Figure 10 (a) Sum of two vectors (b) Difference of two vectors

Multiplying By a Scalar

While adding and subtracting vectors gives us a new vector with a different magnitude and direction, the process of multiplying a vector by a scalar, a constant, changes only the magnitude of the vector or the length of the line. Scalar multiplication has no effect on the direction unless the scalar is negative, in which case the direction of the resulting vector is opposite the direction of the original vector.

Scalar Multiplication

Scalar multiplication involves the product of a vector and a scalar. Each component of the vector is multiplied by the scalar. Thus, to multiply $v$ $= 〈 a, b 〉$ by $k$ , we have

k v = 〈 k a, k b 〉

Only the magnitude changes, unless $k$ is negative, and then the vector reverses direction.

Example 6

Performing Scalar Multiplication

Given vector $v$ $= 〈 3, 1 〉,$ find 3v, $\frac{1}{2}$ $v,$ and −v.

Solution

See Figure 11 for a geometric interpretation. If $v$ $= 〈 3, 1 〉,$ then

\begin{array}{l} 3 v = 〈 3 \cdot 3, 3 \cdot 1 〉 \\ = 〈 9, 3 〉 \\ \frac{1}{2} v = 〈 \frac{1}{2} \cdot 3, \frac{1}{2} \cdot 1 〉 \\ = 〈 \frac{3}{2}, \frac{1}{2} 〉 \\ - v = 〈 −3, −1 〉 \end{array}

Showing the effect of scaling a vector: 3x, 1x, .5x, and -1x. The 3x is three times as long, the 1x stays the same, the .5x halves the length, and the -1x reverses the direction of the vector but keeps the length the same. The rest keep the same direction; only the magnitude changes.

Figure 11

Analysis

Notice that the vector 3v is three times the length of v, $\frac{1}{2}$ $v$ is half the length of v, and –v is the same length of v, but in the opposite direction.

Try It #2

Find the scalar multiple 3 $u$ given $u$ $= 〈 5, 4 〉 .$

Example 7

Using Vector Addition and Scalar Multiplication to Find a New Vector

Given $u$ $= 〈 3, - 2 〉$ and $v$ $= 〈 - 1, 4 〉,$ find a new vector w = 3u + 2v.

Solution

First, we must multiply each vector by the scalar.

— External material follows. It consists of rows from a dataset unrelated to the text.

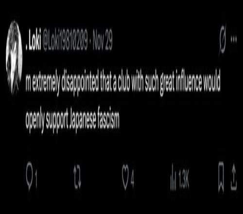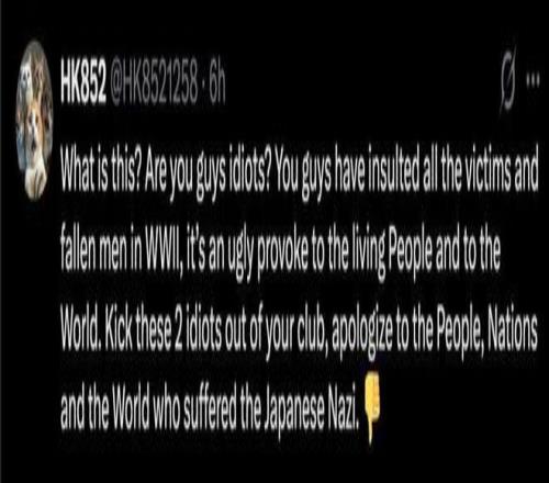 “你们侮辱了二战中所有受害者和阵亡将士,这是对活着的人们以及整个世界的严重冒犯,是对那些遭受过日本纳粹暴行的人民、国家和世界的公然挑衅。把这两个傻瓜赶出你们的俱乐部,向那些遭受过日本纳粹暴行的人们、国家和世界道歉。”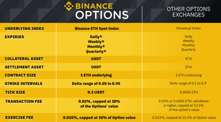 Platforma Binance Options je vďaka svojmu dizajnu ideálnym miestom pre investorov, ktorí chcú obchodovať s opciami. Cieľom platformy je uľahčiť vstup do obchodov pre retailových obchodníkov a taktiež aj inštitucionálnych investorov, a to nízkymi transakčnými poplatkami pre obchodovanie s opciami.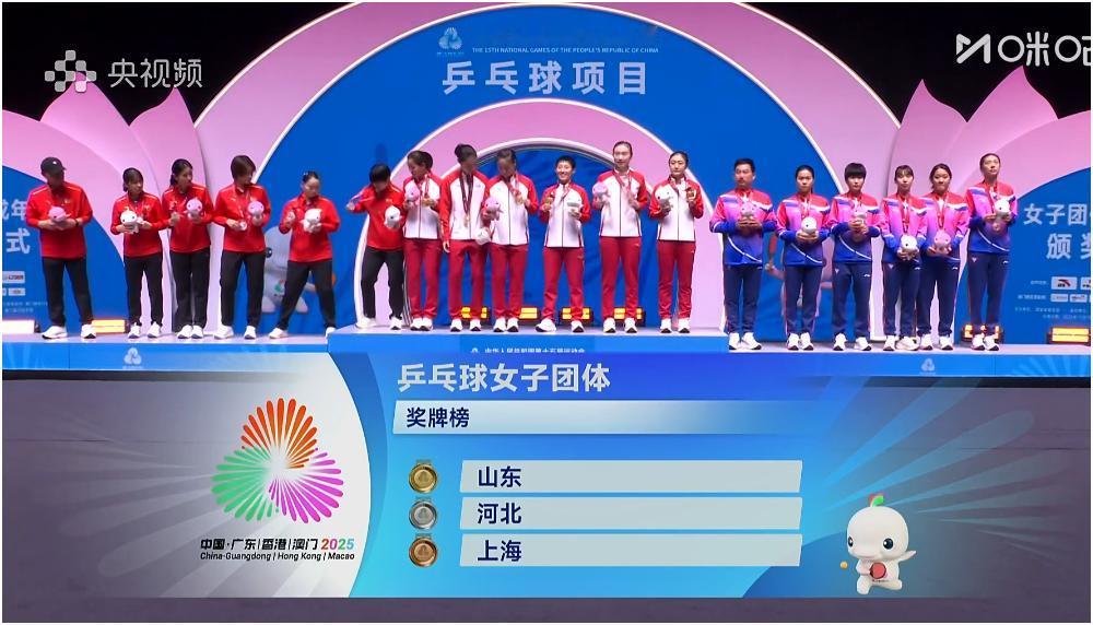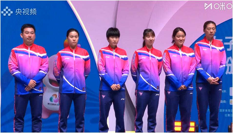 全运会乒乓球女子项目结束,9块奖牌归属。 女团金牌:山东队(陈梦、范思琦、王晓彤)。 女团银牌:河北队(孙颖莎、何卓佳、王添艺)。 女团铜牌:上海队(陈熠、杨乾韵、孙铭阳)。 女单金牌:王曼昱。 女单银牌:孙颖莎。 女单铜牌:陈梦。 另外刘诗雯获得了混双金牌,蒯曼获得了混双银牌,王艺迪混双铜牌。

\begin{array}{l} 3 u = 3 〈 3, - 2 〉 \\ = 〈 9, - 6 〉 \\ 2 v = 2 〈 - 1, 4 〉 \\ = 〈 - 2, 8 〉 \end{array}

Then, add the two together.

\begin{array}{l} w = 3 u + 2 v \\ = 〈 9, - 6 〉 + 〈 - 2, 8 〉 \\ = 〈 9 - 2, - 6 + 8 〉 \\ = 〈 7, 2 〉 \end{array}

So, $w$ $= 〈 7, 2 〉 .$

Finding Component Form

In some applications involving vectors, it is helpful for us to be able to break a vector down into its components. Vectors are comprised of two components: the horizontal component is the $x$ direction, and the vertical component is the $y$ direction. For example, we can see in the graph in Figure 12 that the position vector $〈 2, 3 〉$ comes from adding the vectors v₁ and v₂. We have v₁ with initial point $(0, 0)$ and terminal point $(2, 0) .$

\begin{array}{l} v_{1} = 〈 2 - 0, 0 - 0 〉 \\ = 〈 2, 0 〉 \end{array}

We also have v₂ with initial point $(0, 0)$ and terminal point $(0, 3) .$

\begin{array}{l} v_{2} = 〈 0 - 0, 3 - 0 〉 \\ = 〈 0, 3 〉 \end{array}

Therefore, the position vector is

\begin{array}{l} v = 〈 2 + 0, 3 + 0 〉 \\ = 〈 2, 3 〉 \end{array}

Using the Pythagorean Theorem, the magnitude of v₁ is 2, and the magnitude of v₂ is 3. To find the magnitude of v, use the formula with the position vector.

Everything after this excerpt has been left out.